Death rides a broken old nag, who does not gallup, cantor, nor trot; but teeters on match-stick limbs through the towns at a most pathetic pace. This is so that all the people may have time to throw open their shutters (or close them, if they wish), or to sit out on their stoops to point, whisper, and wonder at what it means. Greiving does not pass in haste; but lingers, and staggers, like drunkenness or old age, and makes a kind of spectacle which must be granted space and time to occur; and it's nature insists on being seen.


The Infinite has made level all created things, so that there is not one stone left standing upon another. No man stands higher than any other, for even the cruellest sinner and the gentlest saint are indistinguishable before the majesty of God, which confounds all measure. Christ himself is not above us, lest we mistake him. To perceive him is also to be on a level with him, and to be one with him. The creation itself, and the creature along with it, is consumed in the furnace of the Infinite, and only Christ is left; one no longer exists to perceive, but has become united with the object of perception; uncreated, immaculate, complete.

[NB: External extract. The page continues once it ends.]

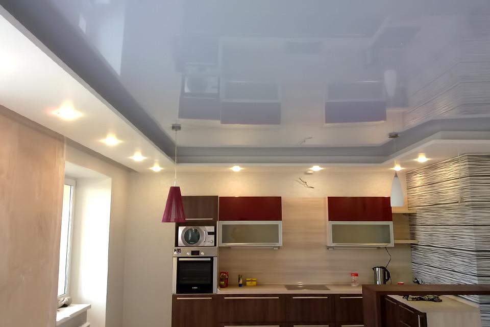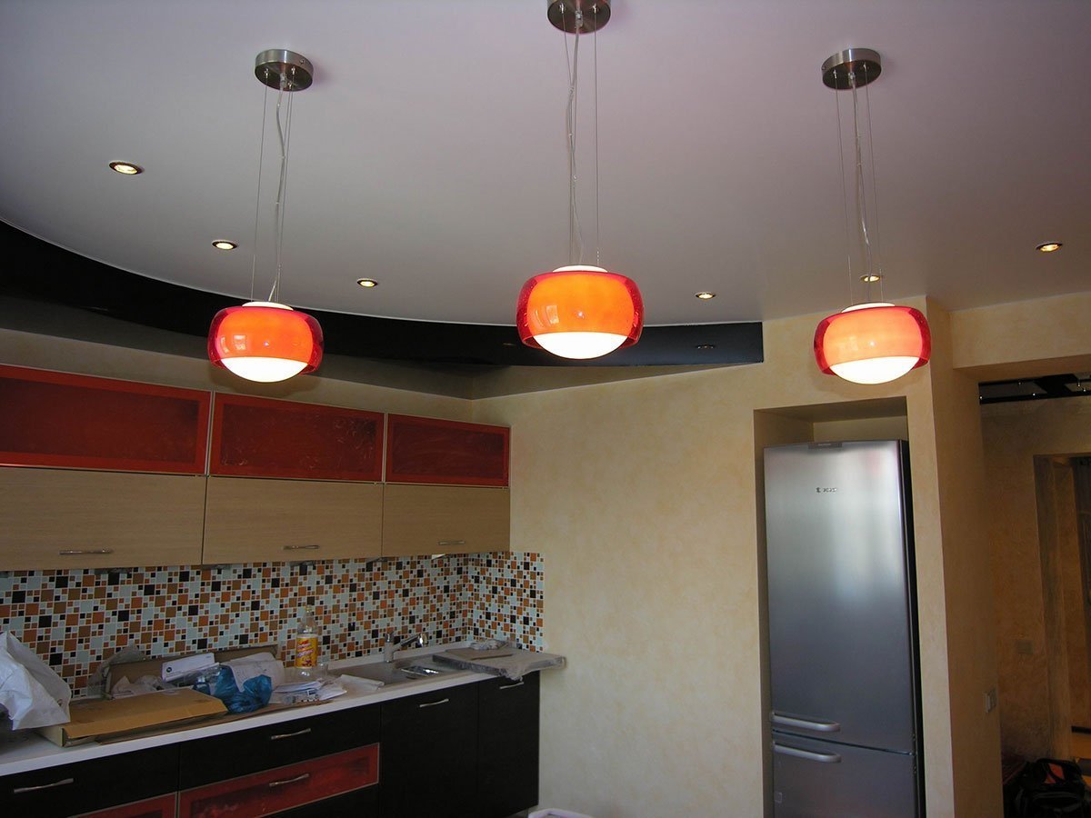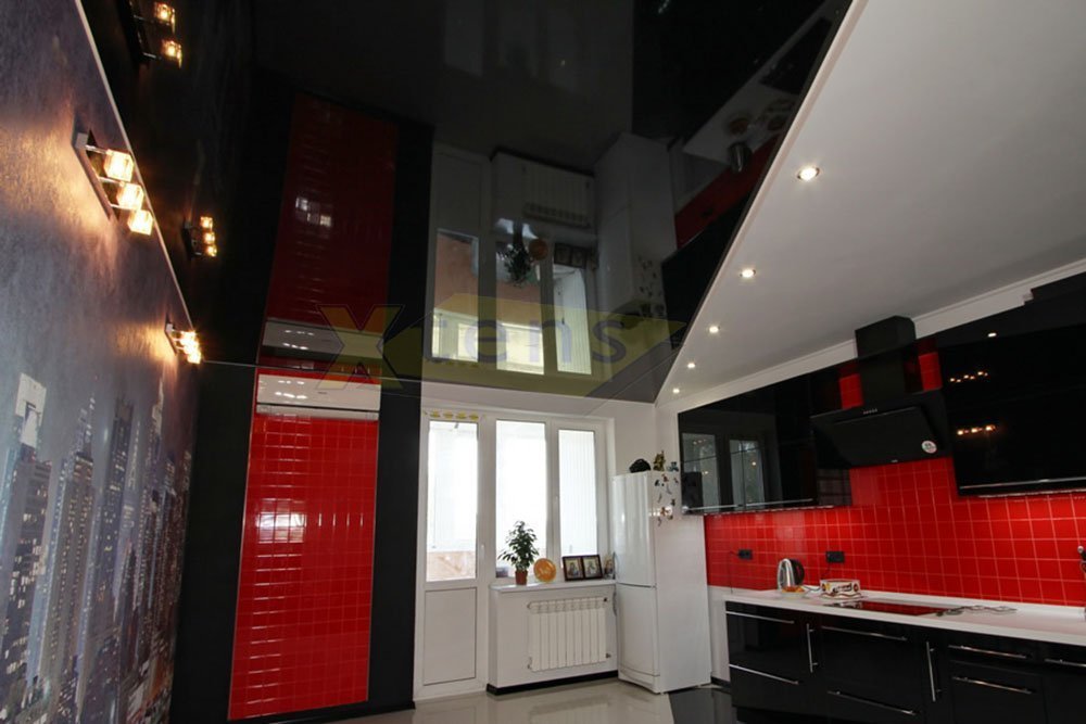 Los techos tensados se ven elegantes y lujosos. No tienen costuras, y la resistencia es sorprendente: con una "inundación" desde arriba, cada metro cuadrado puede soportar una carga de hasta 100 litros de agua. Él "cuelga" peligrosamente sobre la habitación, pero contendrá el líquido y protegerá el resto de la situación. Cuando se elimina el agua, el techo volverá a su posición original.El vinilo, del que está hecho el lienzo, se refiere a materiales de combustibilidad media, por lo tanto, se considera incombustible. El techo tensado puede ser: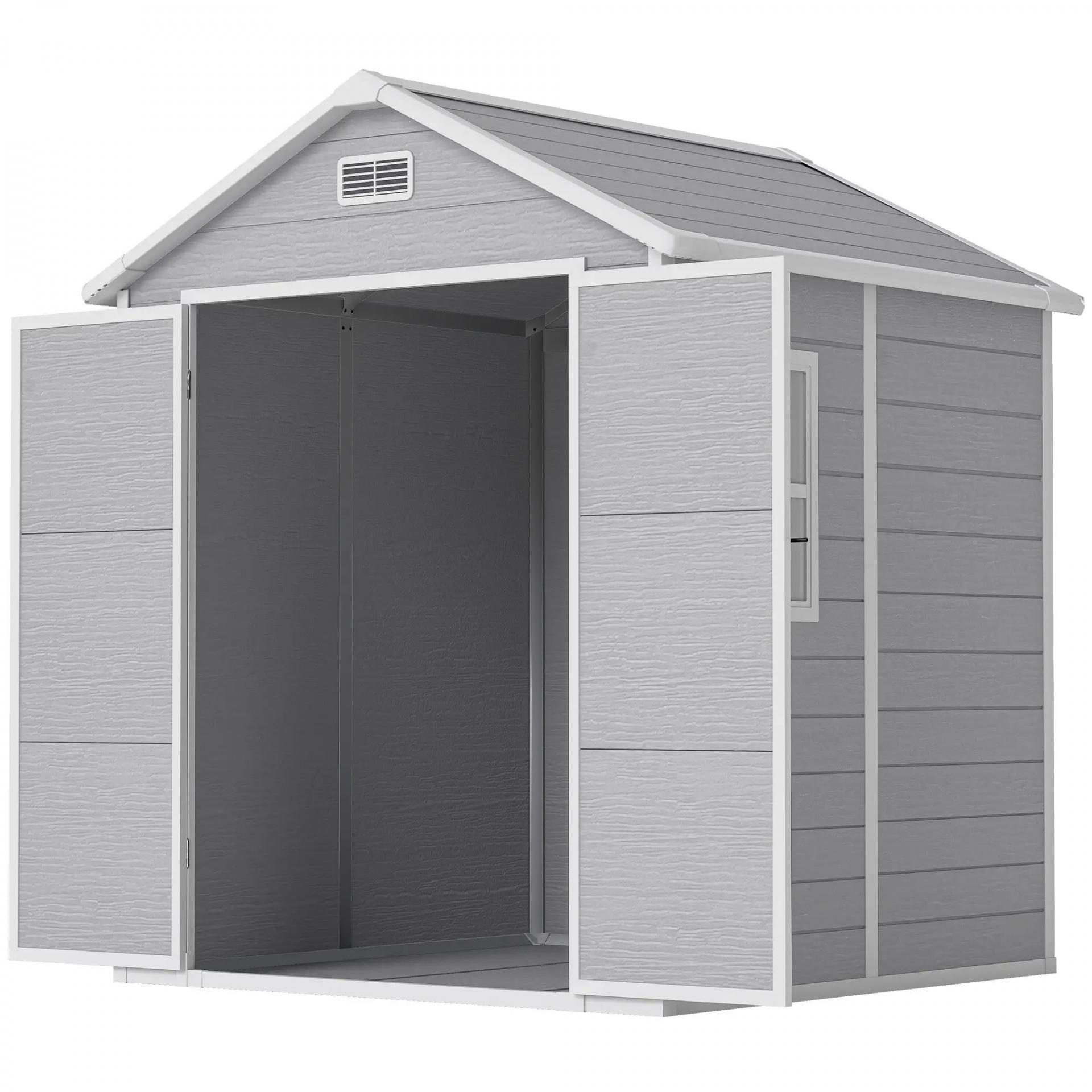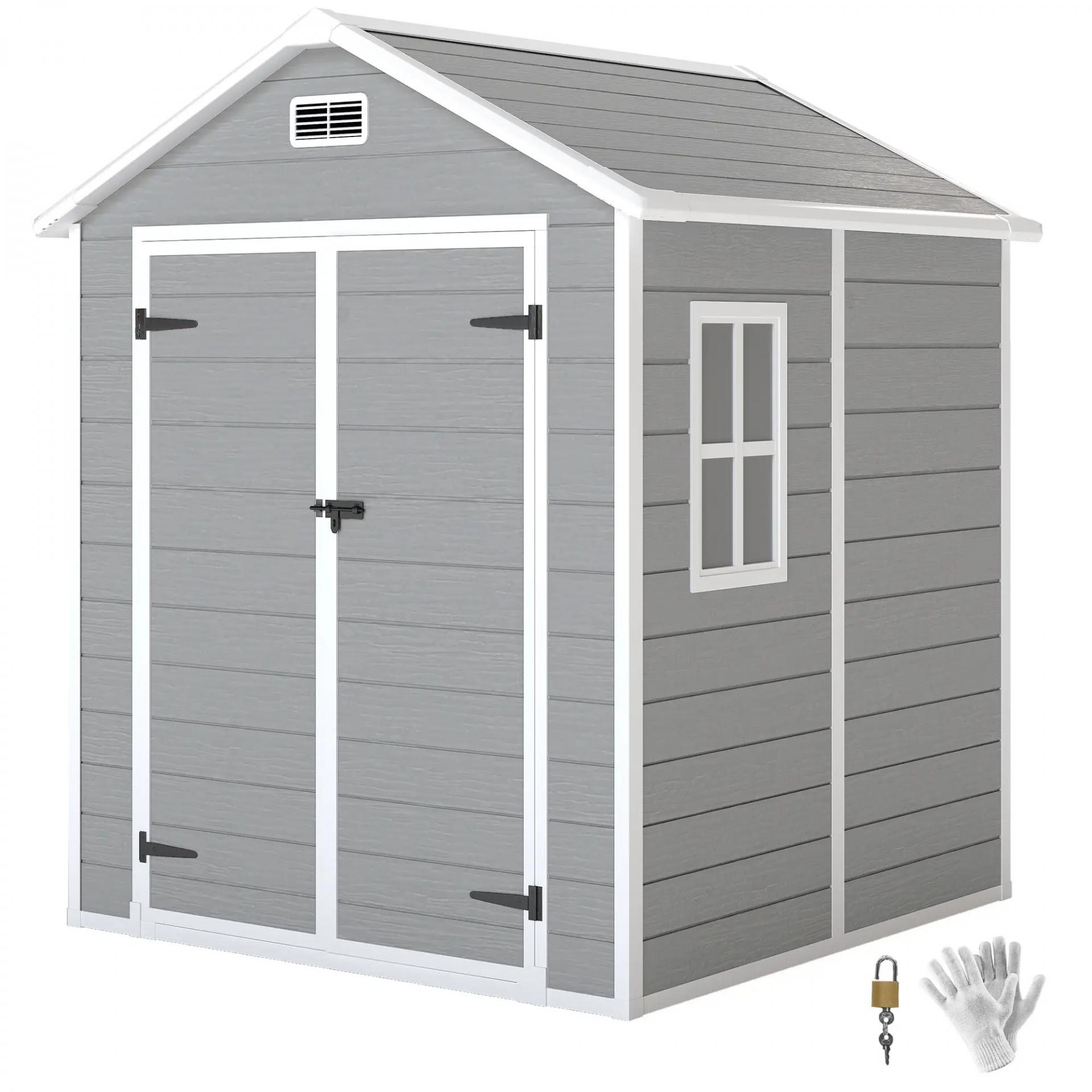 Caseta de Jardín Exterior 182x151x219 cm con Suelo Puerta Cerrada y Techo Inclinado para Almacenar Herramientas Gris

If the imagination is truly creative, then its products need not be regarded solely as night dreams, morning figments, noontide fancies, nor dusky apparitions. Rather, they might, with good reason, be counted as fully legitimate objects in their own right, possessing a solidity which often outlasts even the objects of sense. And while some objects may be consumed and digested and have influence upon neurological processes, they can never be so deeply assimilated as a clear, beloved notion, which settles in the throne of the heart, and is not easy to unseat. An idea by-passes the blood, and passses directly into "the blood of the blood", provided only that it be understood; for that is to be consumed at the mental level, which is higher and more subtle than the physical. Ideas rot only on the vine, or unwanted in the shade beneath lonely fir trees. But whatever is well understood does not leave us, does not break-down, die, or decompose, unless it is within the mental soil, where it may fertilize a host of ideas not wholly unlike itself; for every father is alive within his son, and every fruit is mysteriously buried in the seed it sows, for the purposes of ressurection.